You remember how the Minister of Finance and the Deputy Prime Minister Peter Turnquest rushed off to Europe just before Christmas to sign some documents which they said would keep of the blacklist of the OECD. Turns out they weren’t paying attention to these folk in the European Union. Now they have issued a black list and The Bahamas on it. Truth is, there is nothing you can do to stop these people. They are intent on ruining the party and wrecking financial services. The EU announced on Friday 10 Match that The Bahamas will be blacklisted, some nonsense about IBCs this time. The Government will run and amend the law again hoping they can turn back the tide. This is how Mr. Turnquest broke it to the country. Eat crow Peter Turnquest.
By K. Peter Turnquest, Deputy Prime Minister & Minister of Finance
Bahamas “disappointed” on EU’s COCG Recommendation
The Bahamas is disappointed to have learned that the EU Code of Conduct Group (COCG) will be making a recommendation to the Council of the European Union next week to include The Bahamas on the EU List of non-cooperative jurisdictions for tax purposes.
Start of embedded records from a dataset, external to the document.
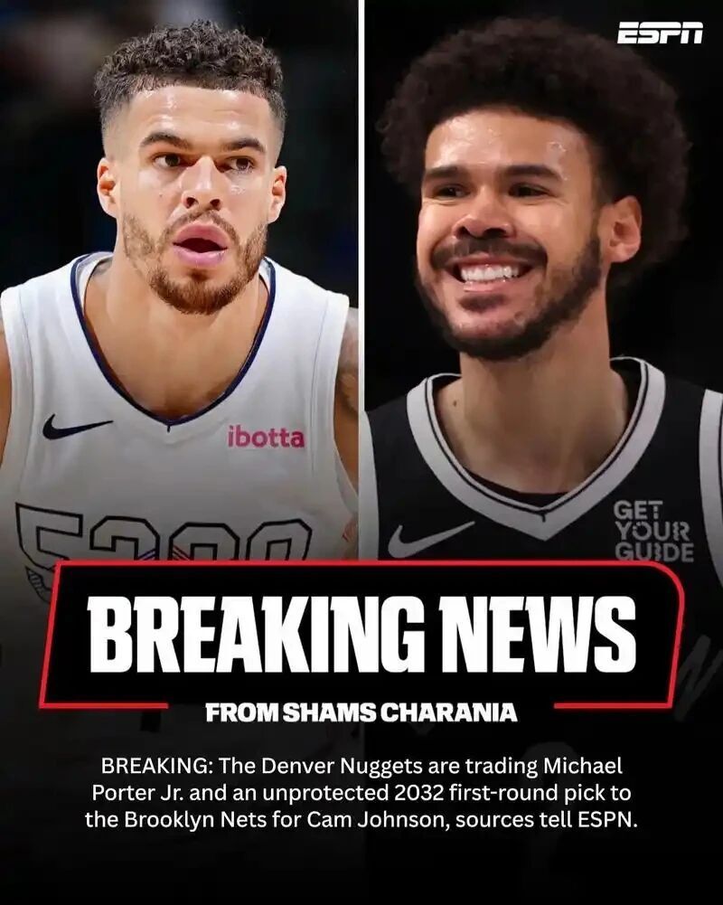 今夏休赛期,掘金放弃了合作七个赛季之久(23年夺冠)的小波特,将他和一个32年无保护首轮签交易至篮网,只为换来卡梅伦-约翰逊。掘金目前以18胜6负高居西部第二,约翰逊在此期间场均11.3分3.4板2.2助进账。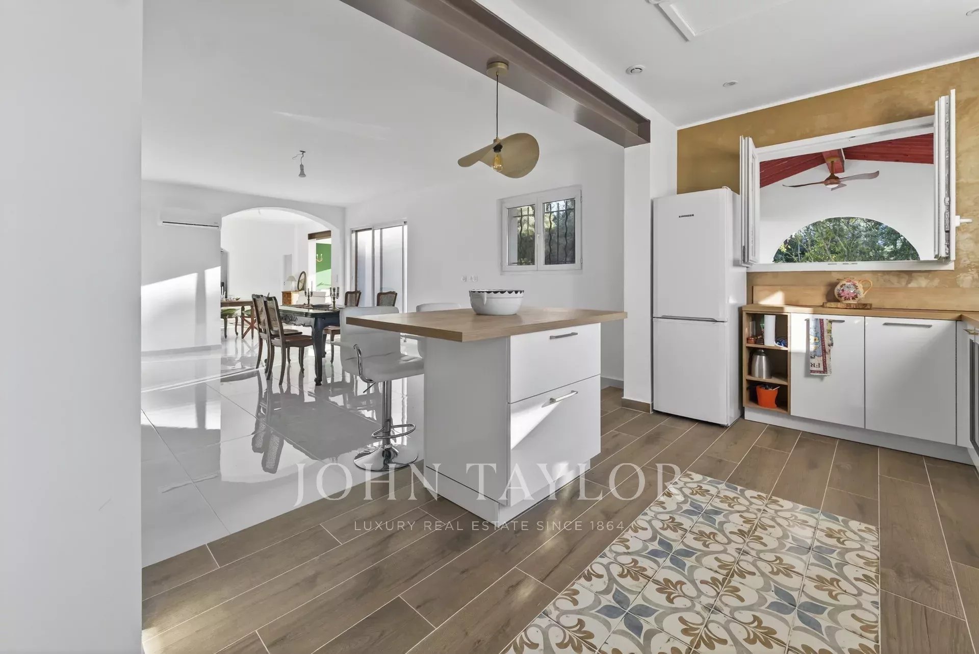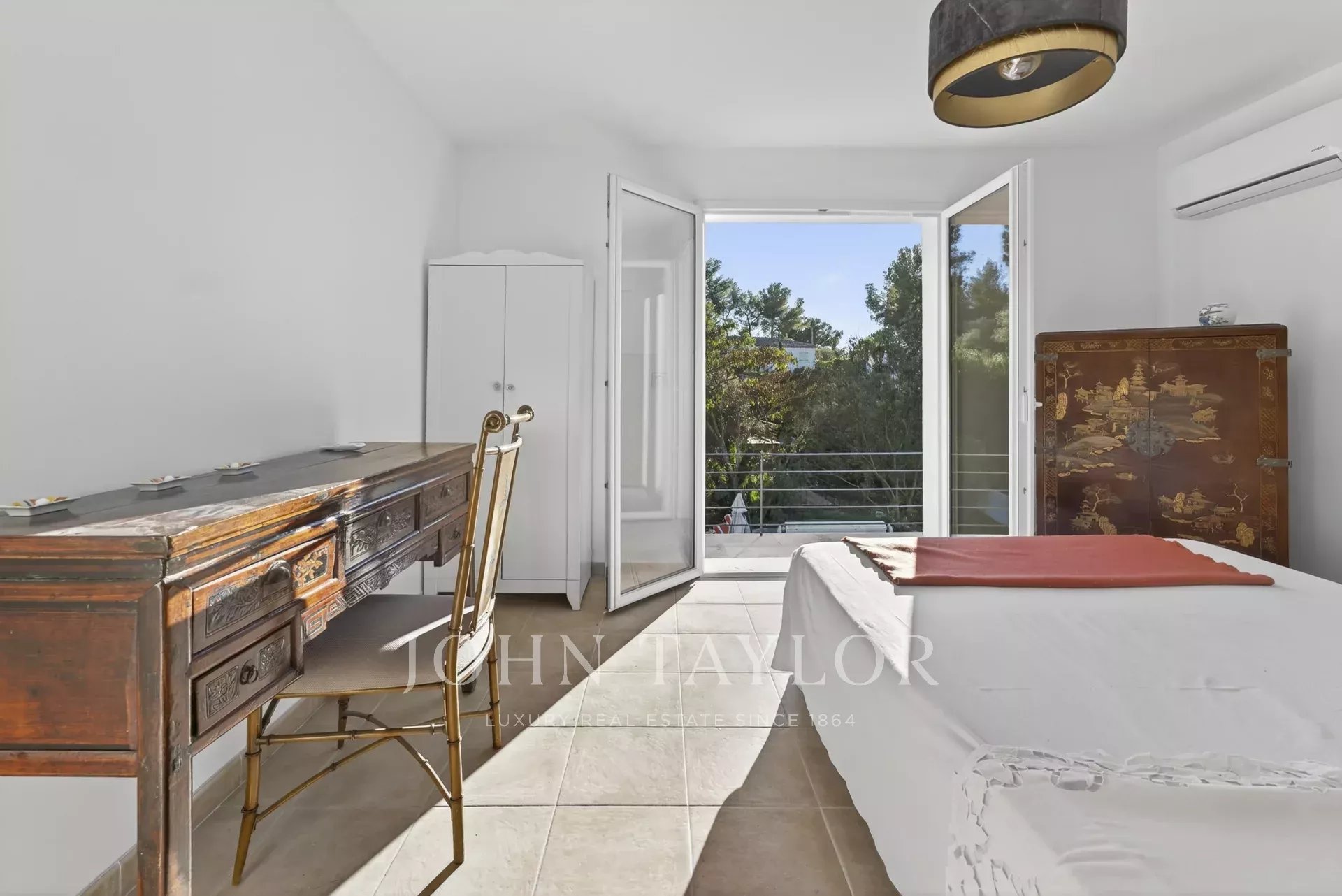 L’agence John Taylor Sanary vous présente à Sanary-sur-Mer, à seulement 5 minutes à pied des plages et 10 minutes du port de Bandol, une élégante villa familiale T6 de 183 m², entièrement rénovée, édifiée sur un terrain clos et paysager de 1 215 m², offrant de très belles prestations.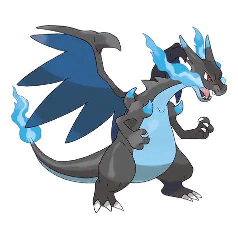 메가리자몽 X 생태 : 리자몽이 진화했다. 몸은 검고 불꽃은 더욱 온도가 높아져 파랗게 변화했다.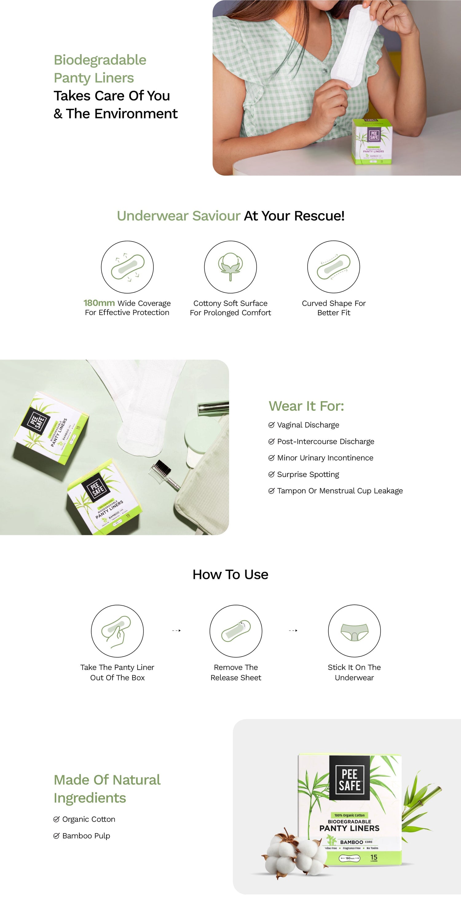 100% Organic Cotton With Extra Cottony-Soft Curved Shaped Surface For Vaginal Discharge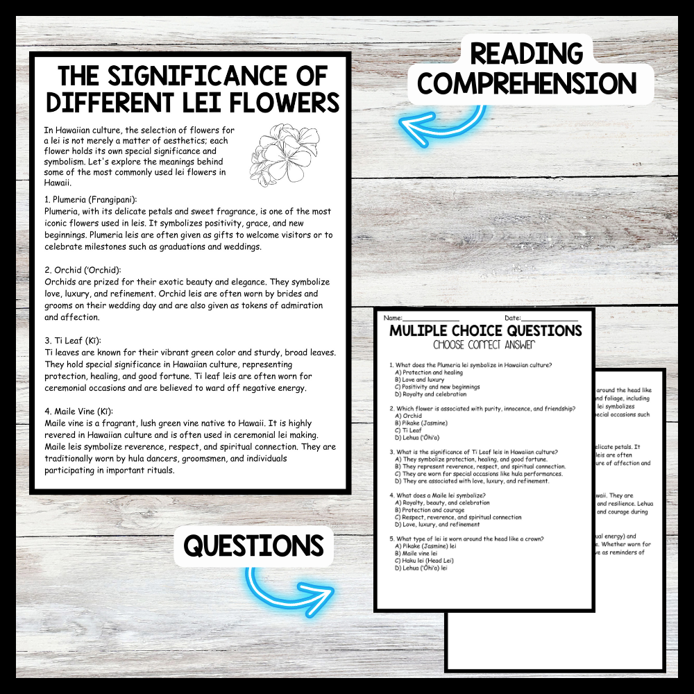 Grow your students knowledge with this Nonfiction Reading Comprehension Passage - LEI Day - Lei Flowers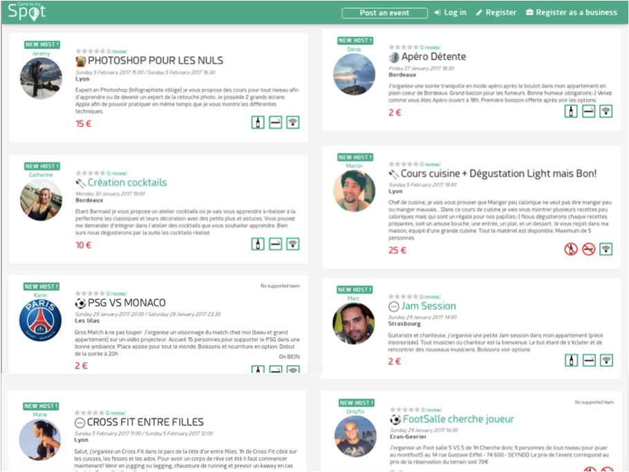 Come to my Spot propose ainsi aux utilisateurs d’organiser des événements chez eux contre une rémunération, ou de se déplacer chez d’autres particuliers pour se retrouver ensemble autour d’activités telles que :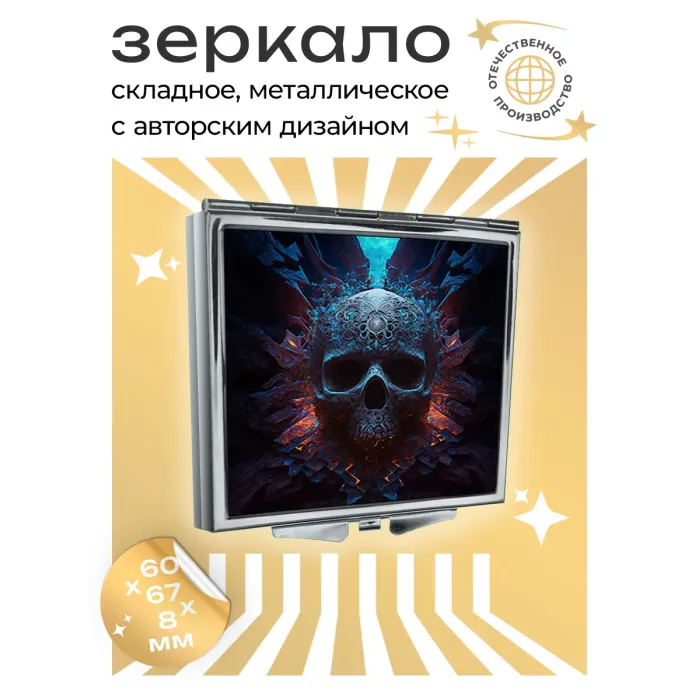 Складное зеркало квадратной формы с изображением черепа. Изготовлено из металла и стекла.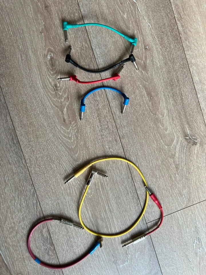 Ich räume auf und verschenke diese Klinken-Patchkabel für Pedalboards. 4x the sssnake 15cm, 3 Eigenbauten.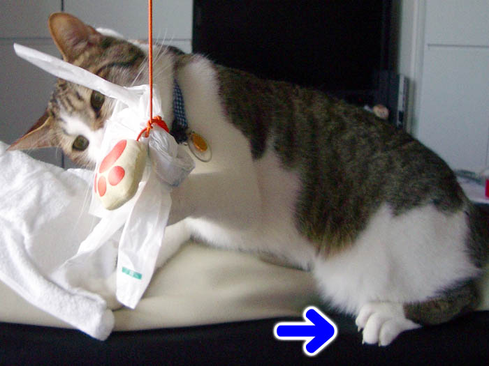 ちょいと持ち上げて獲物を狙う右前足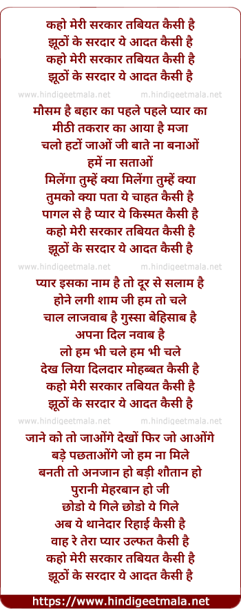 Lyrics of Kaho Meri Sarkar Tabiyat Kaisi Hai - कहो मेरी सरकार तबियत कैसी है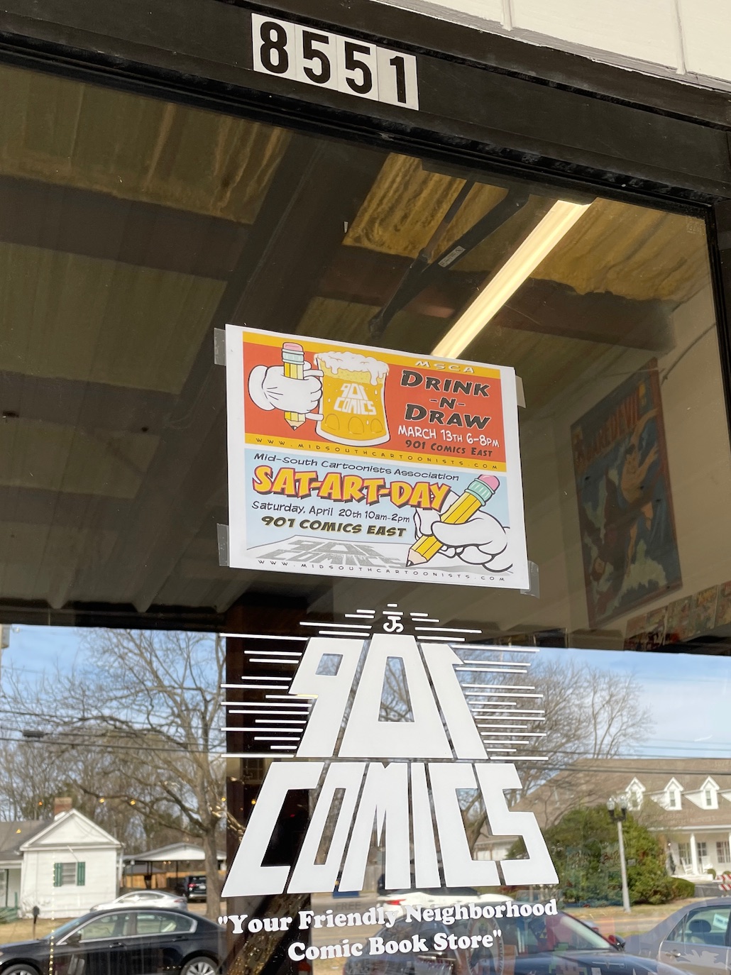 I’ll be at the shop for the next Mid-South Cartoonists Association’s Drink-N-Draw (March 13th, 6-8pm) and Sat-Art-Day (April 20, 10am-2pm), as well as this year’s Free Comic Book Day (May 4th). I’ll be set up in-store along with some of the other MSCA members.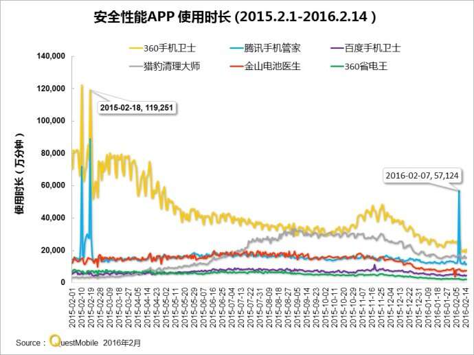 从时长上看,去年春节期间,360与腾讯手机管家都发力了,今年则只有腾讯手机管家发力,同样也是一飞冲天。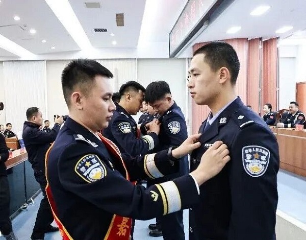 仪式在全体奏唱《中国人民警察警歌》中拉开帷幕,仪式现场宣读《奖励命令》,市局领导班子成员为立功嘉奖民警代表颁发奖章、证书、为2026年即将荣休民警代表、2025年新入警民警代表颁发纪念杯,由受到表彰奖励民警代表为新入警民警代表佩戴警号。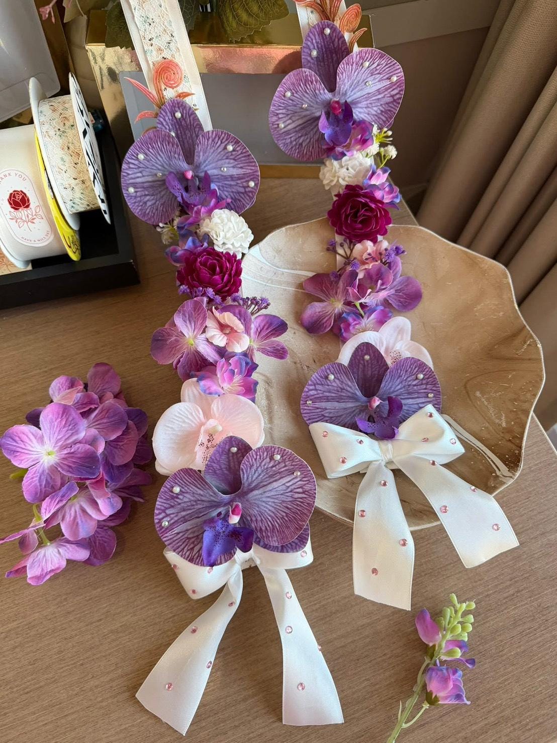 Ce Lei de remise de diplômes fait main est un accessoire artisanal époustouflant, conçu pour célébrer la réussite du diplômé. Il est composé d'une luxueuse composition d'orchidées artificielles de première qualité, de roses, de marguerites et d'autres fleurs éclatantes, agrémentée d'un élégant ruban de satin et d'un nœud décoratif aux détails étincelants. Alliant une beauté florale intemporelle à une qualité artisanale, c'est le cadeau de fin d'études idéal pour les diplômés du secondaire et de l'université, ajoutant une touche d'élégance et de célébration à n'importe quel look de fin d'études.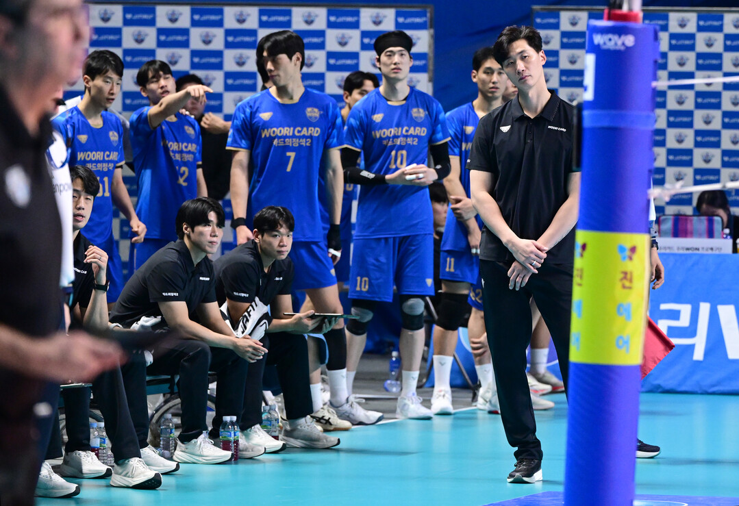 [더발리볼 = 유진형 기자] 우리카드 박철우 감독대행이 18일 오후 서울 장충체육관에서 열린 '진에어 2025~2026 V-리그' 현대캐피탈과의 경기에서 패한 뒤 아쉬워하고 있다.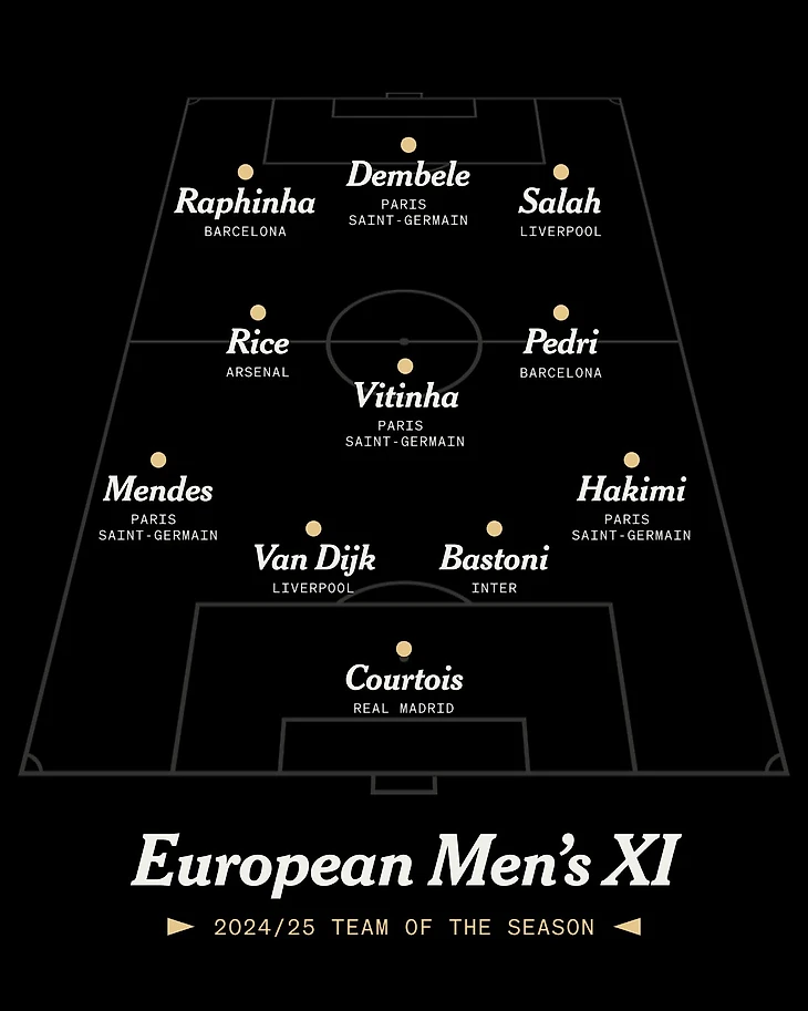 The Athletic тоже подводит итоги кампании: издание составило символическую сборную лучших футболистов в сезоне-2024/25. Наибольшее представительство у «ПСЖ», от парижан в команду попали сразу четверо: Нуну Мендеш, Витинья, Ашраф Хакими и Усман Дембеле.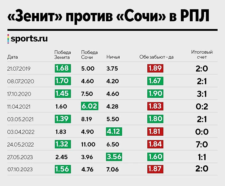 «Сочи» принимает «Зенит» в субботнем матче 16 тура РПЛ. Раздел «Ставки» на Sports.ru предлагает посмотреть на историю самого однозначного противостояния последних лет через букмекерские коэффициенты. К каким трендам и линиям выгодно присмотреться перед матчем? Поехали.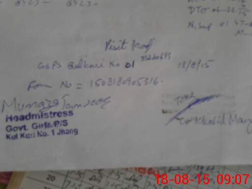| Name: Ru**** Ja**** Designation: (School Headmaster's/Headmistress's) PST Phone/Cell Number: 03**** |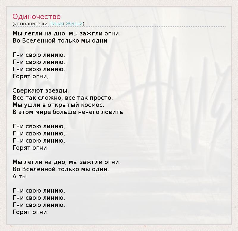 Мы легли на дно, мы зажгли огни. Во Вселенной только мы одни Гни свою линию, Гни свою линию, Гни свою линию, Гоpят огни, Свеpкают звезды. Все так сложно, все так пpосто. Мы yшли в откpытый космос. В этом миpе больше нечего ловить Гни свою линию, Гни свою линию, Гни свою линию, Гоpят огни Мы легли на дно, мы зажгли огни. Во Вселенной только мы одни. А ты Гни свою линию, Гни свою линию, Гни свою линию. Гоpят огни Сплин - Линия жизни - Текст песни, слушать онлайн Сплин - Линия жизни - Текст песни, слушать онлайн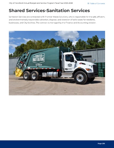 City of Mansfield Annual Budget and Service Program Fiscal Year 2025-2026 Table of Contents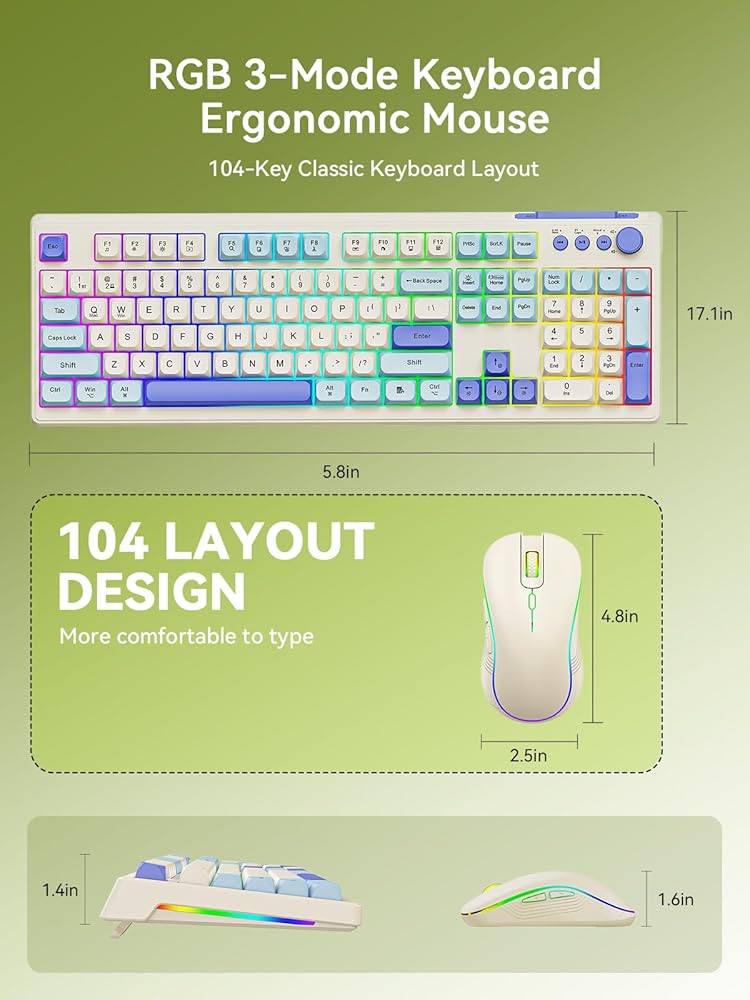 High compatibility:Multi-Device Keyboard and mouse for Mac, iPad, Apple, Android, Windows. Compatible with Mac OS/iOS 10.12 or above, Windows 8/10 or above, Android 4.3 or above.

Throughout this process, The Bahamas has consistently been engaged with the OECD and the COCG on the EU listing criteria – including as late as last week. Therefore, this latest move is particularly surprising to us.
In December 2017, The Bahamas signed onto the Inclusive Framework for the implementation of the Base Erosion Profit Shifting (BEPS) initiative with the OECD. This solidified our international commitment to comply with measures to avoid tax planning strategies used by multinational companies to exploit gaps and mismatches in tax rules to artificially shift profits to jurisdictions where there is low, or no actual economic activity. As of March 2018, a total of 113 countries and territories have joined the BEPS inclusive framework.
The Bahamas has taken immediate steps to reiterate its commitment to the European Commission with respect to the non-facilitation of offshore structures and arrangements in the jurisdiction aimed at attracting profits without real economic substance for the purpose of profit shifting. Legislation is currently being drafted to give effect to the implementation of the BEPS minimum standards and to address gaps in our current regulatory regime identified by the COCG. We anticipate that this legislation will be laid in the House of Assembly by April 2018.
Discussions were held today with the Secretary General of the COCG responding to their specific concerns, followed by formal letter. We believe the discussions were positive and remain hopeful that our efforts to address their concerns will result in the favourable consideration of The Bahamas as a cooperative tax jurisdiction.
We will continue to demonstrate our commitment to international regulatory standards and initiatives thereby ensuring that the Bahamas remains a clean, compliant and cooperative jurisdiction.